EXERCISE PROMPT — In the entries that follow, find the line containing "Reddish Pink Crepe Silk Draped Saree" and the line containing "EXCLUSIVE Our truly", then retype exactly the lines from the first through the second, pictures excluded.

RECORDS SHOWN —
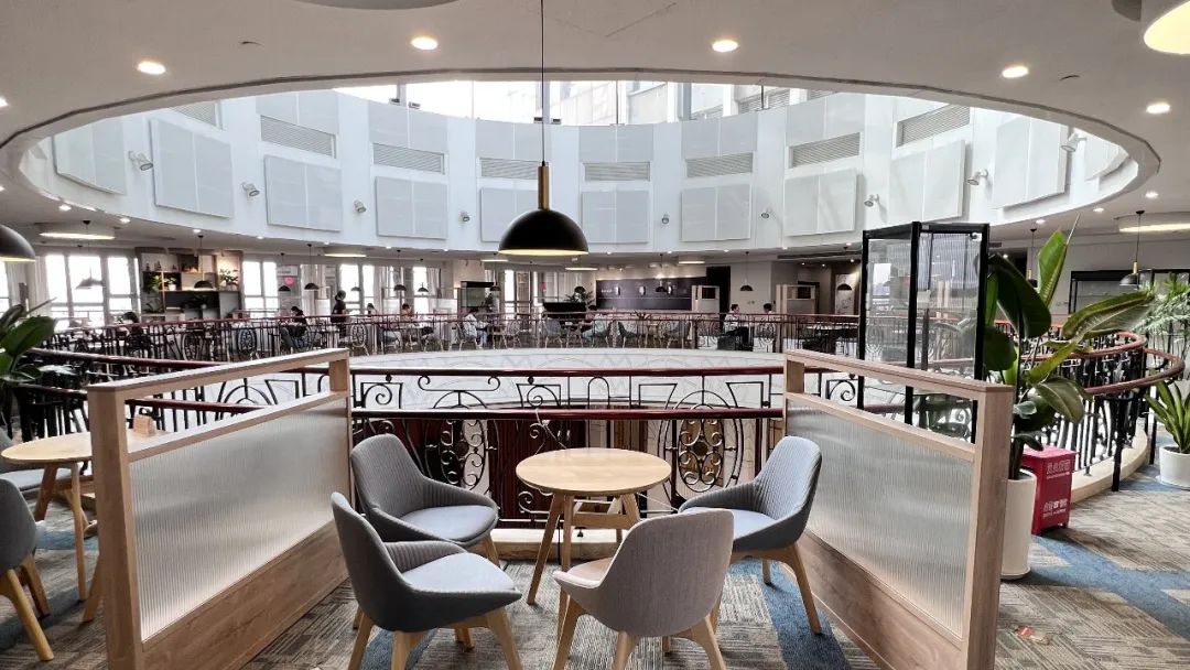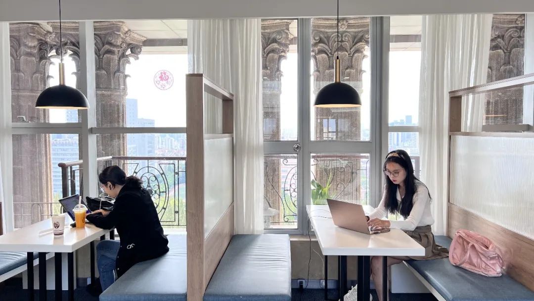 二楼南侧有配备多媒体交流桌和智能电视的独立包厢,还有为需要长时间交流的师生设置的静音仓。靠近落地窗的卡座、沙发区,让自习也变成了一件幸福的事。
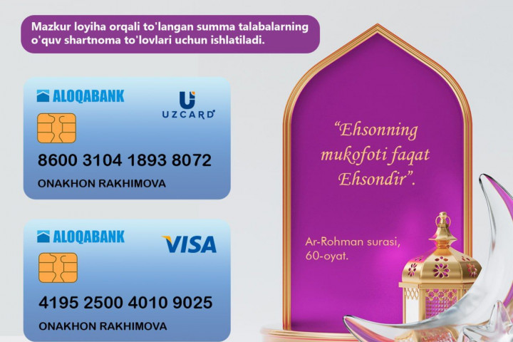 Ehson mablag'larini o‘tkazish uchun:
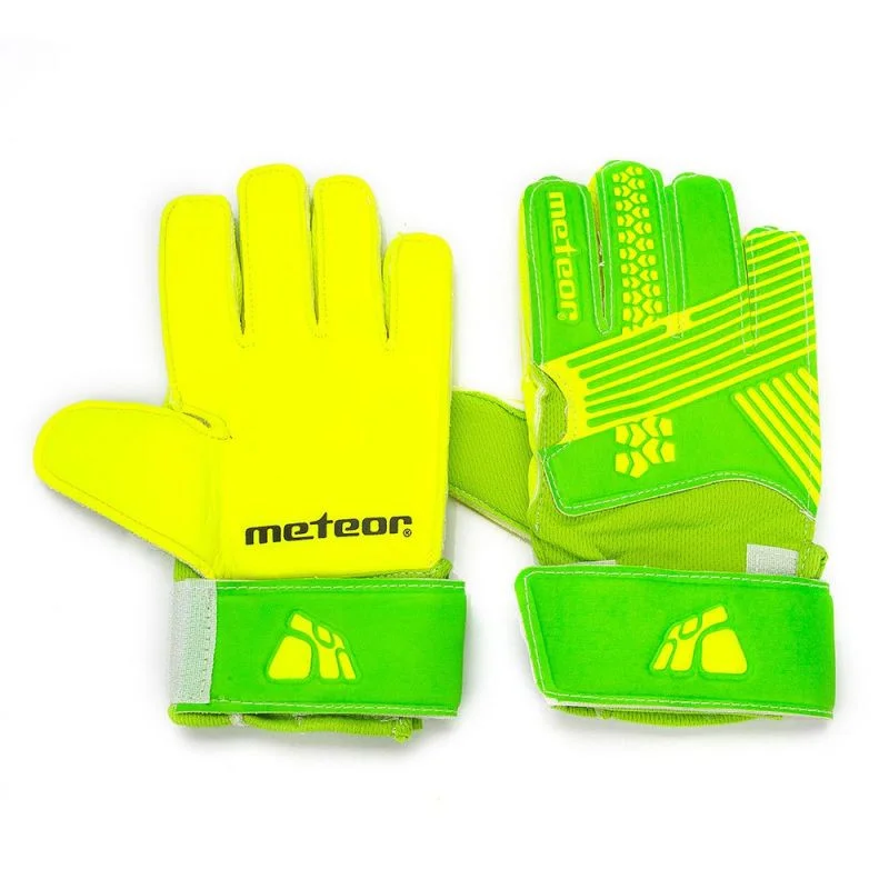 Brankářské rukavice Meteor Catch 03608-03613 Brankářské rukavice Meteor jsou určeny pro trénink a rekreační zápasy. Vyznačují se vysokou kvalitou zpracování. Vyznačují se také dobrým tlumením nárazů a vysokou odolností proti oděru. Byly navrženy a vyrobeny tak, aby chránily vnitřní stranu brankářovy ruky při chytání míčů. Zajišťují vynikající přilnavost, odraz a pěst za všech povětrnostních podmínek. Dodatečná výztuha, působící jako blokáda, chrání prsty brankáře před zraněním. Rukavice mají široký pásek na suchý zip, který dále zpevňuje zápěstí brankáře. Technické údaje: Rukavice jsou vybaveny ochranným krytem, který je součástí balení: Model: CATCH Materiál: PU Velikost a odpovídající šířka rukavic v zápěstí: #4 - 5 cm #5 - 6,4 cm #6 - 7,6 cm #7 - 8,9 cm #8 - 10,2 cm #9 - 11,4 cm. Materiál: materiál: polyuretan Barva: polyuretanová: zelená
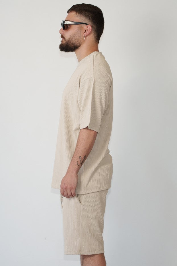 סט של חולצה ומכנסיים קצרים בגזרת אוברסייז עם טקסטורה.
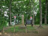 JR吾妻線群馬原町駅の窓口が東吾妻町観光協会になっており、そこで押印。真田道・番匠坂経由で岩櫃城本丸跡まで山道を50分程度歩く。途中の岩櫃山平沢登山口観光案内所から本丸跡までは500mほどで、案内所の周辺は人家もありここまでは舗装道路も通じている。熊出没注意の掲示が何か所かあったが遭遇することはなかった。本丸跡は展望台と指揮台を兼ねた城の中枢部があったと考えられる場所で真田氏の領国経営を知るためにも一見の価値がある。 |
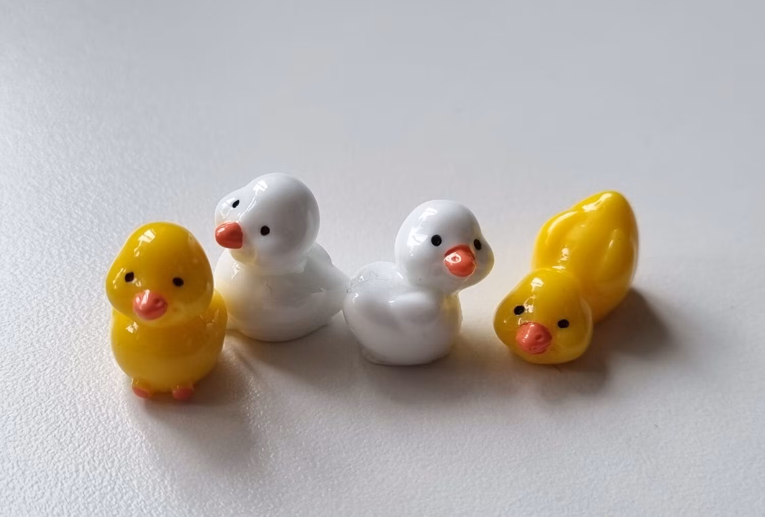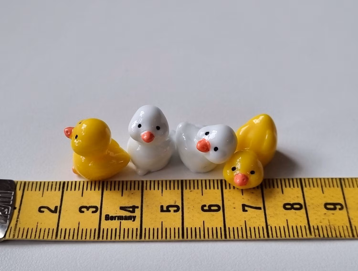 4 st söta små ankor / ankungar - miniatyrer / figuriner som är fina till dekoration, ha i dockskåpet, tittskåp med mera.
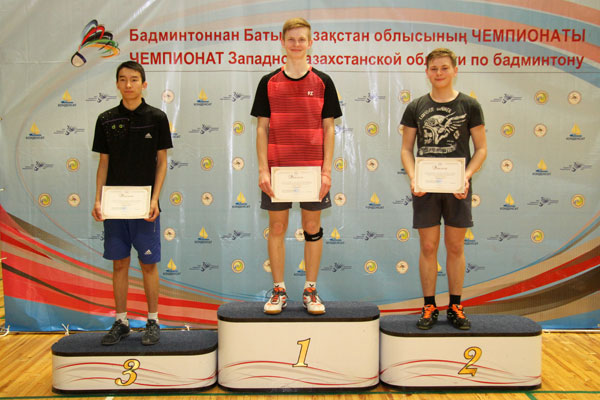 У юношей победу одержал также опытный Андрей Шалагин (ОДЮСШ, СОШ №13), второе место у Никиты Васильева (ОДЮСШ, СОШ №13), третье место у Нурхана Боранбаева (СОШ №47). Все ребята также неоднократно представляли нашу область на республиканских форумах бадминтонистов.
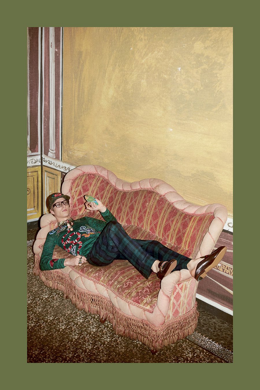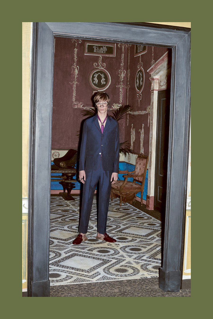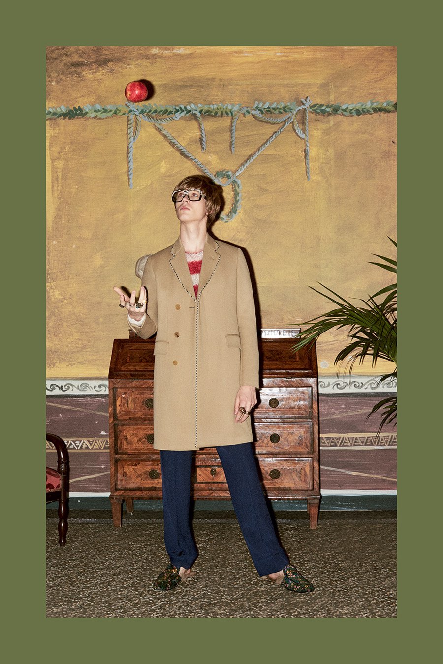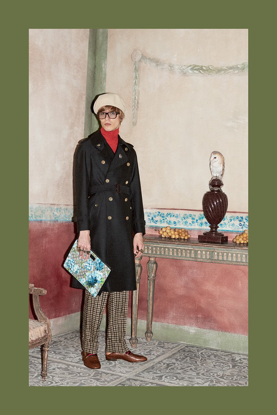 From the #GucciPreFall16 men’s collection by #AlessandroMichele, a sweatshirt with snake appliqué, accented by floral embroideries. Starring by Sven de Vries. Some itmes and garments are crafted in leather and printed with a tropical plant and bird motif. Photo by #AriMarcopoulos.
---
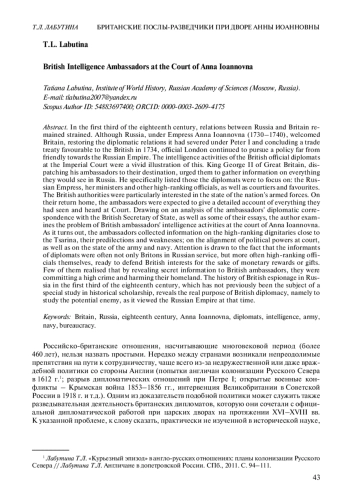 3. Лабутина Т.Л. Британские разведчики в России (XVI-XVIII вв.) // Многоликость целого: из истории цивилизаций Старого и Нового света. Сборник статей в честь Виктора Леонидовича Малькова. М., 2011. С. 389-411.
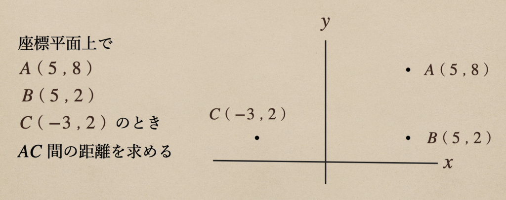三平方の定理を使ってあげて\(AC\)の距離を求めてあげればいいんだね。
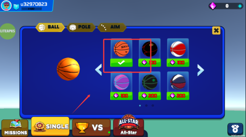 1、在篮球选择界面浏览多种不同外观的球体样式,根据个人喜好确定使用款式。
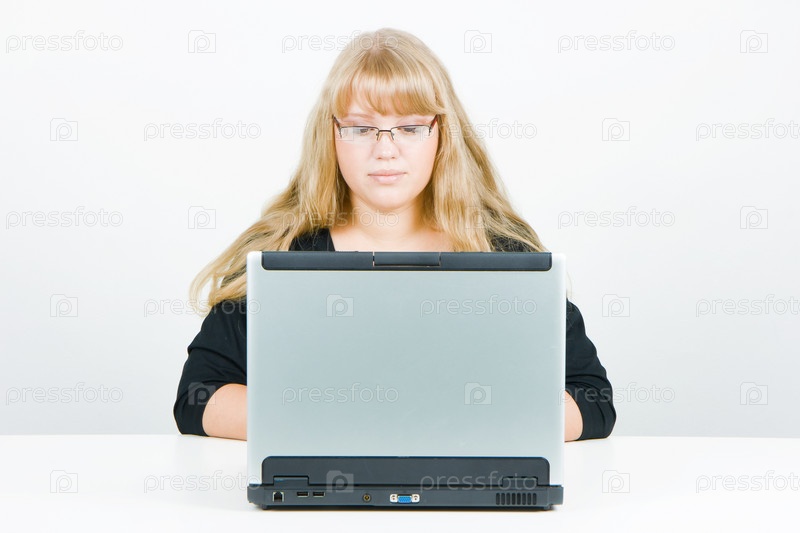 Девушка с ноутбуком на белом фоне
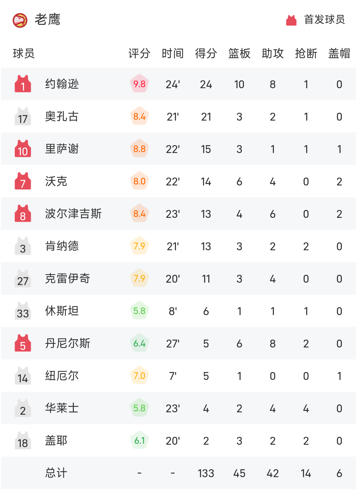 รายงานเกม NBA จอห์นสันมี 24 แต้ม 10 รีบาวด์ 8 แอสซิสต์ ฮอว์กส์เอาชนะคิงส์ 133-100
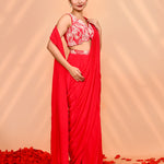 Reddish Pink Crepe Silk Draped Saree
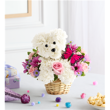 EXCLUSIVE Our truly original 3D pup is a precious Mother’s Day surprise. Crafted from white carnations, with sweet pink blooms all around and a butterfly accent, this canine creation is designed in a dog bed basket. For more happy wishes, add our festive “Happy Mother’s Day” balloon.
* * *
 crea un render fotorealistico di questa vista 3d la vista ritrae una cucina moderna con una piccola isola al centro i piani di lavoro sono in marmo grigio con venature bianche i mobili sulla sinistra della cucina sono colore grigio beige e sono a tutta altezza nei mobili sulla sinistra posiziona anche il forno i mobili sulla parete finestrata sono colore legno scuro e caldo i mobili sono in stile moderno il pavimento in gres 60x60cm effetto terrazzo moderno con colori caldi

ANSWER BOX —
 Reddish Pink Crepe Silk Draped Saree
 EXCLUSIVE Our truly original 3D pup is a precious Mother’s Day surprise. Crafted from white carnations, with sweet pink blooms all around and a butterfly accent, this canine creation is designed in a dog bed basket. For more happy wishes, add our festive “Happy Mother’s Day” balloon.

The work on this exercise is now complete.